Work to be completed =>
Please restate word for word the lines of the entries below from the one with "Właśnie dlatego oś" to the one with "Durchfahrt von 120", inclusive, and leave out every picture.

Dataset excerpts =>
══════

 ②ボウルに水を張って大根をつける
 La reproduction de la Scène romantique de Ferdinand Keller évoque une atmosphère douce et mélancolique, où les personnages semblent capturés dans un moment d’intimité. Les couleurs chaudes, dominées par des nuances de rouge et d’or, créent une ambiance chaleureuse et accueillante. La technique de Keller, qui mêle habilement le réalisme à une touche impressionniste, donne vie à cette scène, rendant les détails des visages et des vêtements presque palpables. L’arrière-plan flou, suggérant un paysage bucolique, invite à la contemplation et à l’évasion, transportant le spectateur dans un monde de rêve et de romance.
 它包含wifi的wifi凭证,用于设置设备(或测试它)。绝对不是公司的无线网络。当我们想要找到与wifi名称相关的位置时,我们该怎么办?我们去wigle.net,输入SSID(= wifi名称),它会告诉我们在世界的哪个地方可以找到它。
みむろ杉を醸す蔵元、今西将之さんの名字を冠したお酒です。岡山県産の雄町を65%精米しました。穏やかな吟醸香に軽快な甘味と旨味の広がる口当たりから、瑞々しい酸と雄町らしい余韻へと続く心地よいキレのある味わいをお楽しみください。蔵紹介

══════

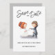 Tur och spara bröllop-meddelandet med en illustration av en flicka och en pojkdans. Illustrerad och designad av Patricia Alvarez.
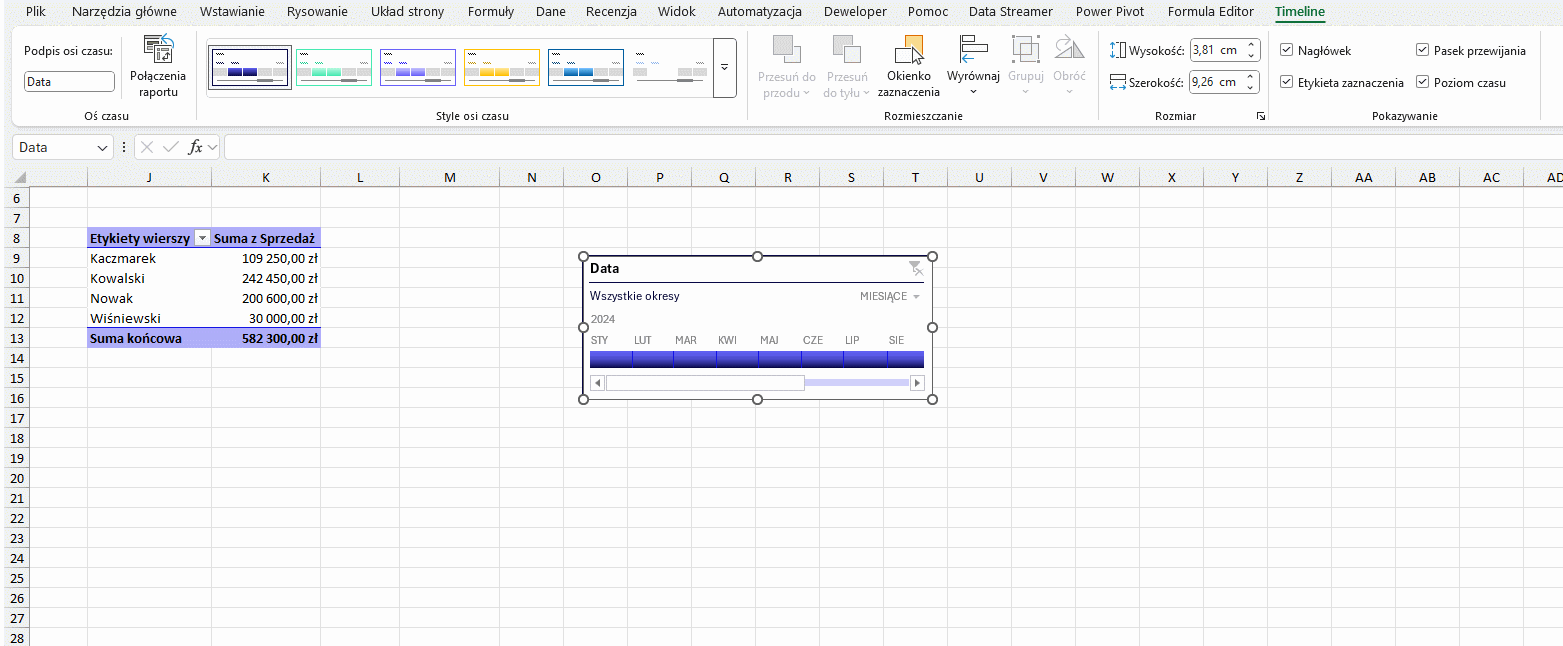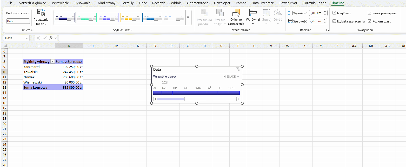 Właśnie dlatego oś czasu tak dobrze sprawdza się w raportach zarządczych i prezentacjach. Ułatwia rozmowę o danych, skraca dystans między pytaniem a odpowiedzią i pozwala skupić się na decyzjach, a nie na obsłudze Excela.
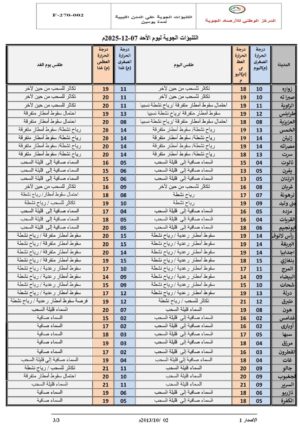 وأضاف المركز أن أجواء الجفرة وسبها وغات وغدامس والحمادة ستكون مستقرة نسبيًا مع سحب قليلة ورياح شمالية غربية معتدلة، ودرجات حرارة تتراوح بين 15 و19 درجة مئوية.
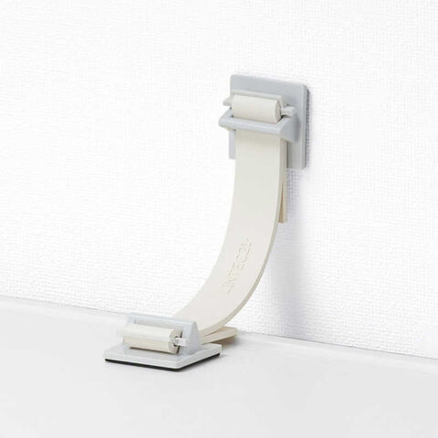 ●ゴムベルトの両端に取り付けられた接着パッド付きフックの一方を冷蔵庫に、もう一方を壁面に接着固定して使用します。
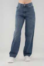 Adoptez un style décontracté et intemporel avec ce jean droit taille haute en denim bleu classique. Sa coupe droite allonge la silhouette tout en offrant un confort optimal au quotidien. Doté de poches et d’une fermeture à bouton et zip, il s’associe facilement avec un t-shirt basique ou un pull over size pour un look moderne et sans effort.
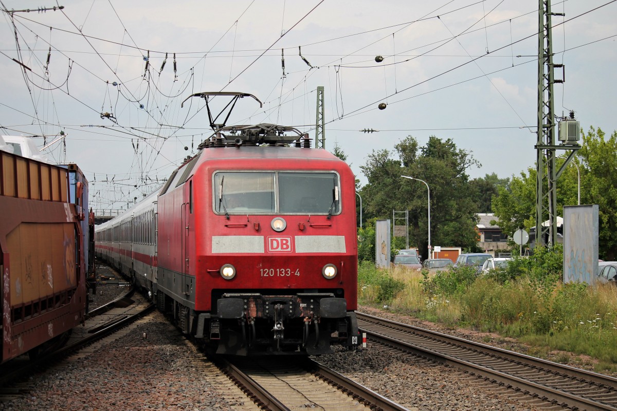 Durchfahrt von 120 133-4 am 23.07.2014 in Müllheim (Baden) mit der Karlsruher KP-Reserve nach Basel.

══════

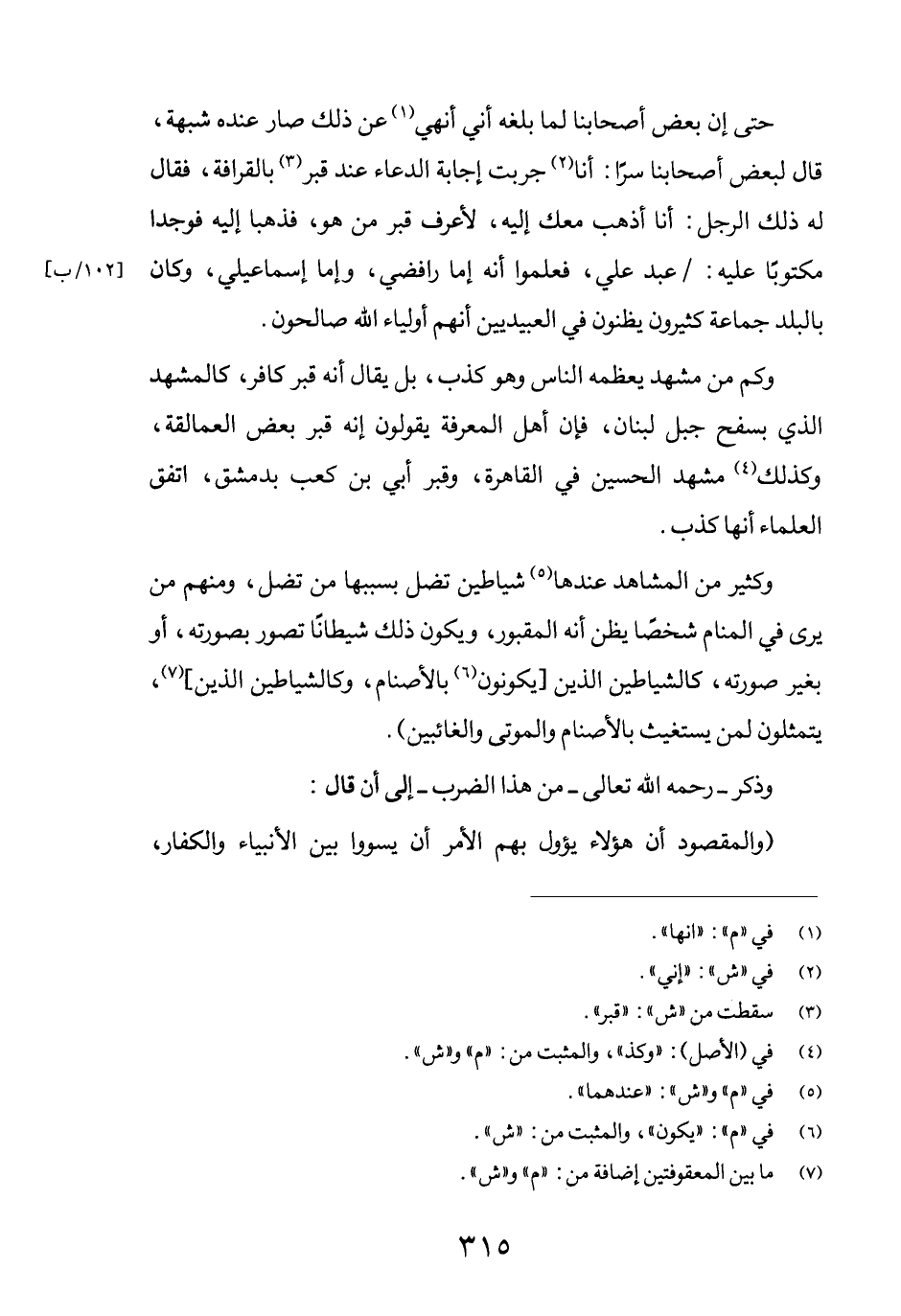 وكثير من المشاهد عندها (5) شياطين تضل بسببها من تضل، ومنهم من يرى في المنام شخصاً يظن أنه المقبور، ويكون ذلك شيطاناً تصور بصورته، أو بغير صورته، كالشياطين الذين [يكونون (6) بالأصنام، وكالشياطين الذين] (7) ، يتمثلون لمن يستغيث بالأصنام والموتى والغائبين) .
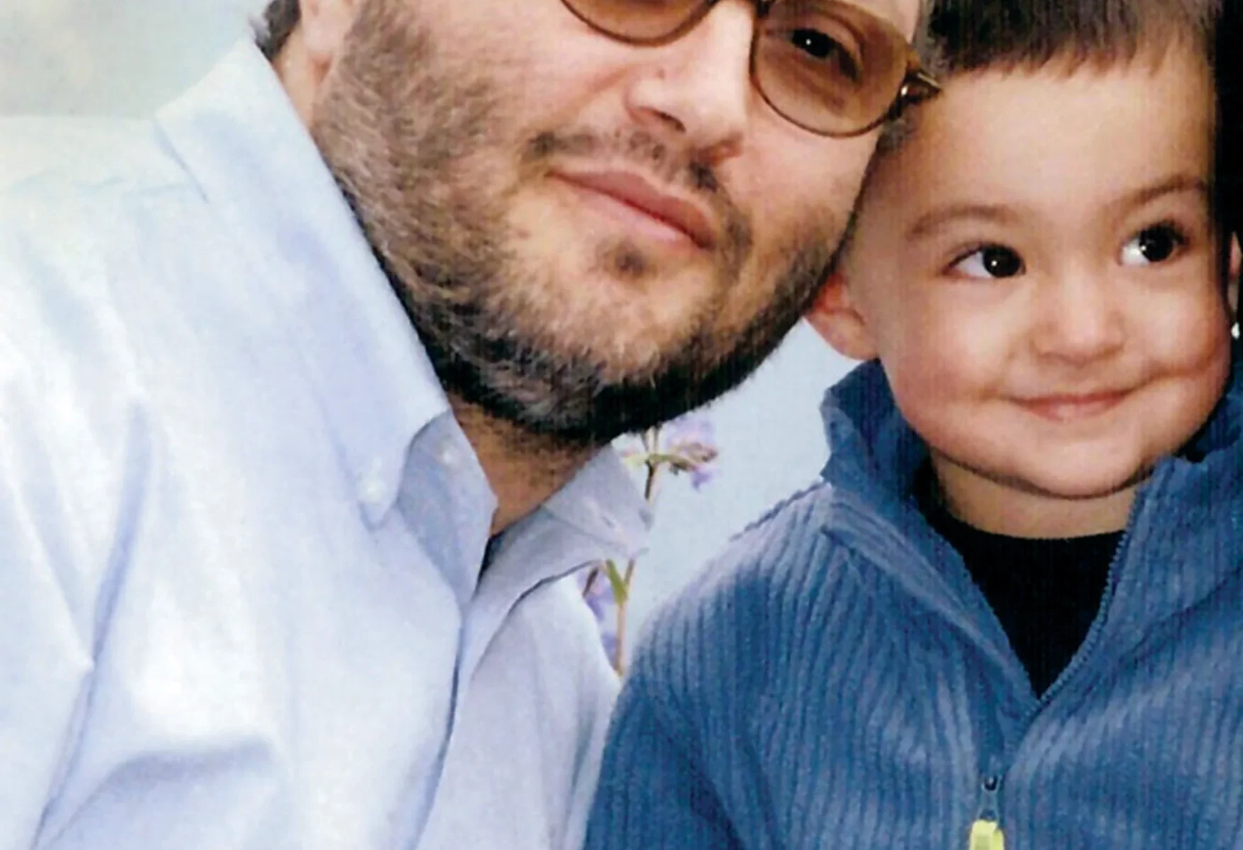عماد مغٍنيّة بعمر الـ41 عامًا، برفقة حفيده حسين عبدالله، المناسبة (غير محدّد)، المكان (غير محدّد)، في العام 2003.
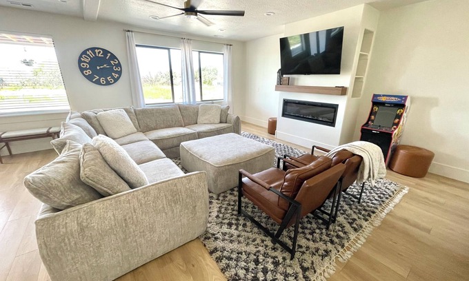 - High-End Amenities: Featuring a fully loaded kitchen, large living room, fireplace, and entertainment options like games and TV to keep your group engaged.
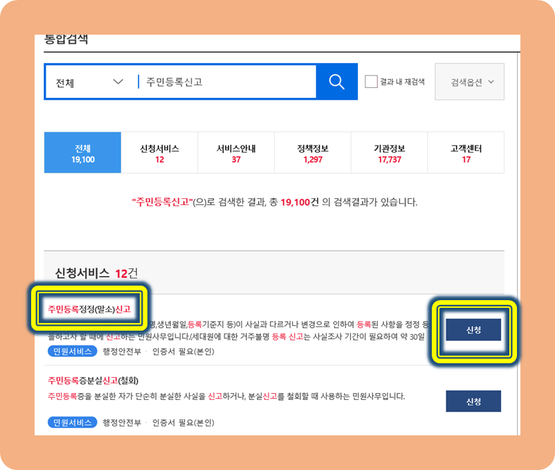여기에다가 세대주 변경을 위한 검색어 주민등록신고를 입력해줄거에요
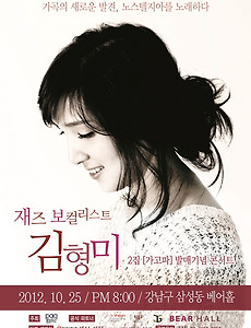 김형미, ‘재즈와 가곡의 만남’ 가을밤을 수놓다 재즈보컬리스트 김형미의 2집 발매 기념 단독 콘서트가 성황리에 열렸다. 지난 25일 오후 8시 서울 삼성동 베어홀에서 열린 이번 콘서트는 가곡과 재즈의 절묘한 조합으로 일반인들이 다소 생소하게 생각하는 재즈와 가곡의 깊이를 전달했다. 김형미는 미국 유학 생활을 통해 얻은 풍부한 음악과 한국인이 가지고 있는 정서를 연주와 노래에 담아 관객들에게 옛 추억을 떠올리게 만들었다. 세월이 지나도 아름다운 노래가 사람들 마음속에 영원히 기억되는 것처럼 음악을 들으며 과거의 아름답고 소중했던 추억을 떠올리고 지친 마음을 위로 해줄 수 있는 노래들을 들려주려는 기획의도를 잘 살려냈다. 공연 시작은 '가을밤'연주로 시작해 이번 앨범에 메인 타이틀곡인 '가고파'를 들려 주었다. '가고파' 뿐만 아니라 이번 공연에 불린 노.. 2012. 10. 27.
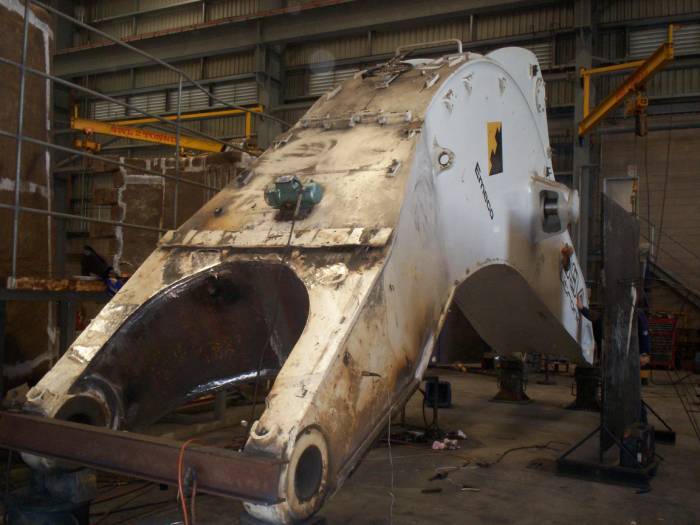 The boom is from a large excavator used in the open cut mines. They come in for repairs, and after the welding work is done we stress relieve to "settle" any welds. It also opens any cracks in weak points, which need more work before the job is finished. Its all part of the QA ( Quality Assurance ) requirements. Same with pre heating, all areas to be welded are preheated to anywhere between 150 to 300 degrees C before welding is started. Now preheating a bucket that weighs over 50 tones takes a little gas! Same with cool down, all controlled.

══════

Answer for the task =>
 Właśnie dlatego oś czasu tak dobrze sprawdza się w raportach zarządczych i prezentacjach. Ułatwia rozmowę o danych, skraca dystans między pytaniem a odpowiedzią i pozwala skupić się na decyzjach, a nie na obsłudze Excela.
 وأضاف المركز أن أجواء الجفرة وسبها وغات وغدامس والحمادة ستكون مستقرة نسبيًا مع سحب قليلة ورياح شمالية غربية معتدلة، ودرجات حرارة تتراوح بين 15 و19 درجة مئوية.
 ●ゴムベルトの両端に取り付けられた接着パッド付きフックの一方を冷蔵庫に、もう一方を壁面に接着固定して使用します。
 Adoptez un style décontracté et intemporel avec ce jean droit taille haute en denim bleu classique. Sa coupe droite allonge la silhouette tout en offrant un confort optimal au quotidien. Doté de poches et d’une fermeture à bouton et zip, il s’associe facilement avec un t-shirt basique ou un pull over size pour un look moderne et sans effort.
 Durchfahrt von 120 133-4 am 23.07.2014 in Müllheim (Baden) mit der Karlsruher KP-Reserve nach Basel.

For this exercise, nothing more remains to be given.